Historians variously trace the beginning of the modern movement in support of same-sex marriage to anywhere from around the 1980s to the 1990s. In the United States, same-sex marriage became an official request of the gay rights movement after the Second National March on Washington for Lesbian and Gay Rights in 1987.
In 1989, Denmark became the first country to legally recognize a relationship for same-sex couples, establishing registered partnerships, which gave those in same-sex relationships "most rights of married heterosexuals, but not the right to adopt or obtain joint custody of a child."
But it was not until the 1990s that the modern movement towards marital equality began to make headway anywhere, and only in 2000 did the Netherlands become the first jurisdiction in the world to sanction same-sex weddings. The Dutch, in fact, triggered a political and social shift that has since spread across large swathes of the globe.

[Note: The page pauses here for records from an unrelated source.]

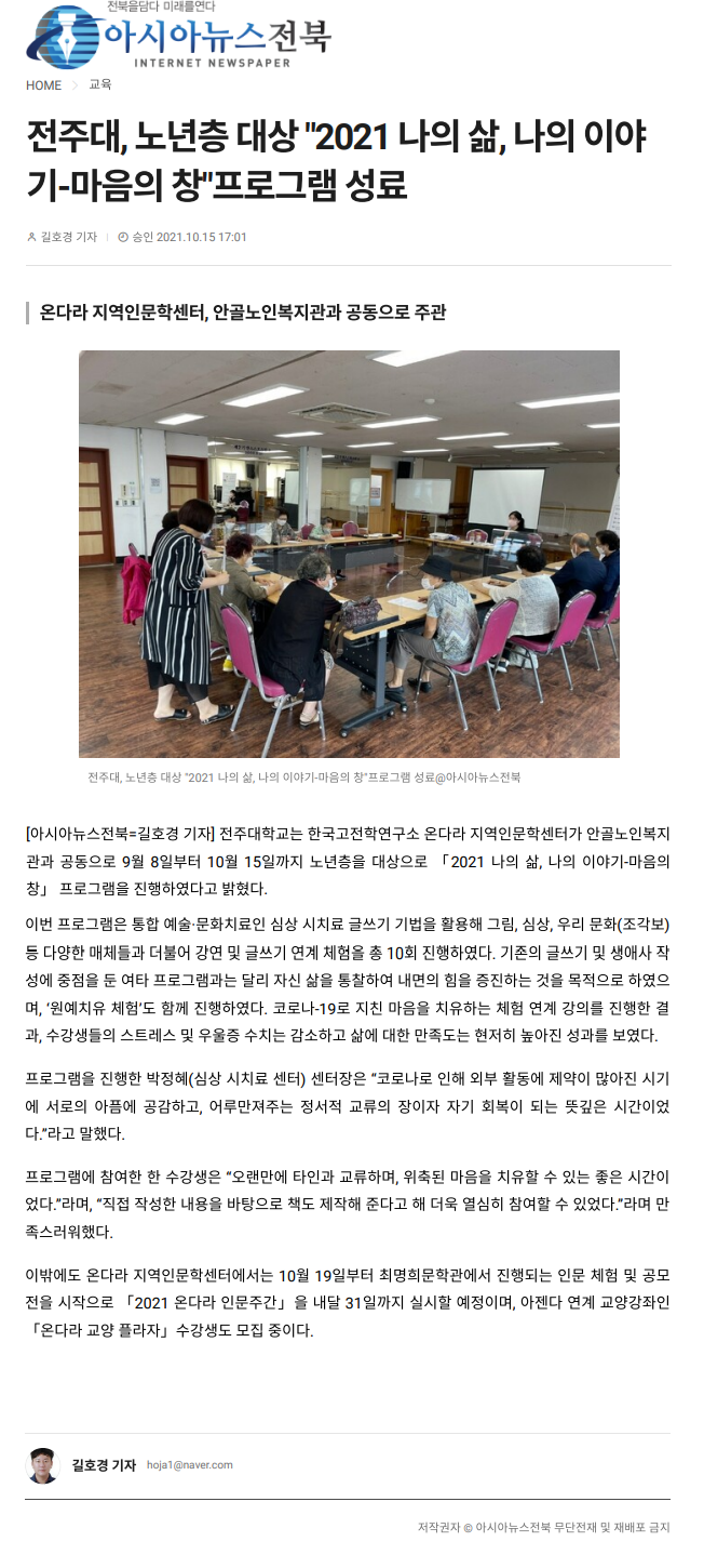 | 490 | 기타 | 전주대, 노년층 대상 "2021 나의 삶, 나의 이야기-마음의 창"프로그램 성료 | 온다라 지역인문학센터 | 22-01-25 | 193 |
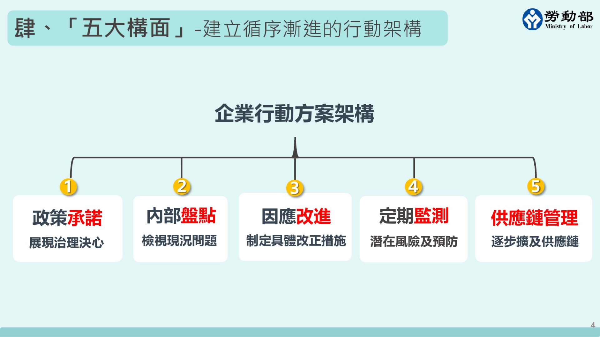 勞動部說明,該指引核心在引導企業從「自身」到「供應鏈」,循序漸進透過「五大構面」展開行動,首先企業應建立明確的「政策承諾」以展現治理決心,接著透過「內部現況盤點」與「辨識潛在風險」,將管理責任從自身企業及子公司逐步擴及至整體供應鏈及所合作的仲介機構 ,依據盤點後的結果去執行「因應與改善措施」,最後強化整體的「供應鏈管理」,將人權保障落實於公司治理。
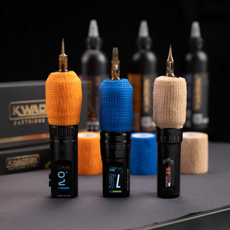 To bandaż, który nie obciąża a ułatwia uchwyt gryfu, zwiększając jego średnice. Pozostaje przy tym miękki ułatwiając wielogodzinną pracę tatuatora. Taśma lepi się sama do siebie ale nie przyczepia się do niczego innego, dlatego nie będzie kleiła się do rękawiczek podczas pracy oraz nie pozostawi na gryfie lepkiego osadu. Mimo to nie zsuwa się i nie przemieszcza. Jest elastyczna i wytrzymała. Przepuszcza powietrze. Dzięki wszystkich swoim zaletom zwiększa komfort pracy tatuatora.
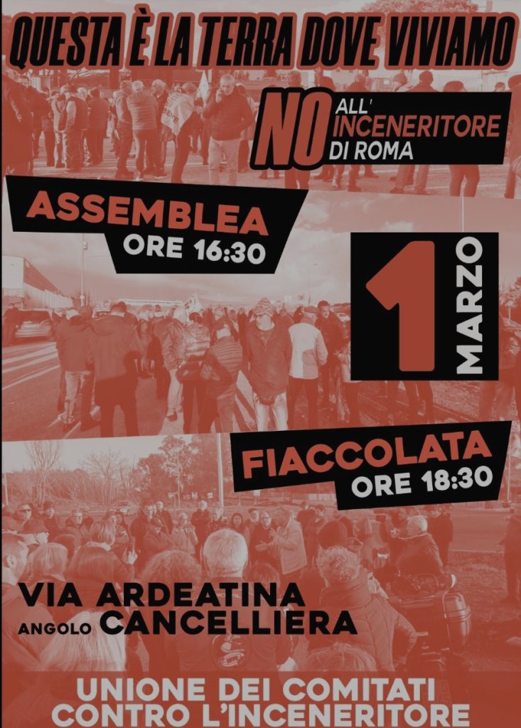 Questo venerdì a Santa Palomba il presidio e la fiaccolata dell’unione dei comitati contro l’inceneritore. L’appuntamento è alle 16.30 davanti al sito dove dovrebbe sorgere il termo inceneritore voluto dal Comune di Roma, sulla via Ardeatina, all’angolo con via Cancelliera. Ci sarà prima un’assemblea, poi alle 18.30 una fiaccolata.
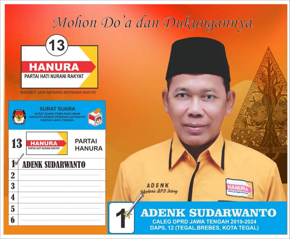 Adenk Sudarwanto yang kini menjabat sebagai Sekretaris DPD Partai Hanura Jawa Tengah ini mengaku optimis akan melenggang menjadi Anggota DPRD Provinsi Jawa Tengah periode 2019-2024. “Misi besar saya adalah berkarya untuk kebaikan bersama, untuk kemashalatan manusia dan lingkungan dengan landasan The right thing is doing and doing is the right thing,” ujar Adenk yang juga Pendiri FKPPI Jawa Tengah.

On October 17, 2023, the Supreme Court of India stopped just short of giving the nod to legalizing same-sex marriages in India. Had it done so, India would have become the second country in Asia (after Taiwan) to have legalized these unions. Still, the court offered a glimmer of hope to the LGBTQ community. The judges ruled that transgender people can marry other transgender people — if one spouse identifies as a woman and one as a man—and expanded the definition of discrimination.
Scientific studies show that the financial, psychological, and physical well-being of gay people are enhanced by marriage, and that the children of same-sex parents benefit from being raised by married same-sex couples within a marital union that is recognized by law and supported by societal institutions.
In India, same-sex marriage would allow couples to open joint bank accounts, buy or rent property together, share financial assets, be recognized as a relative so they can sign papers and give permissions if the partner is in the hospital, access the spouse’s life insurance, and inherit assets of the partner who dies. Giving these rights to the LGBTQ community will help reduce discrimination, make the community stronger, and allow them to live with dignity.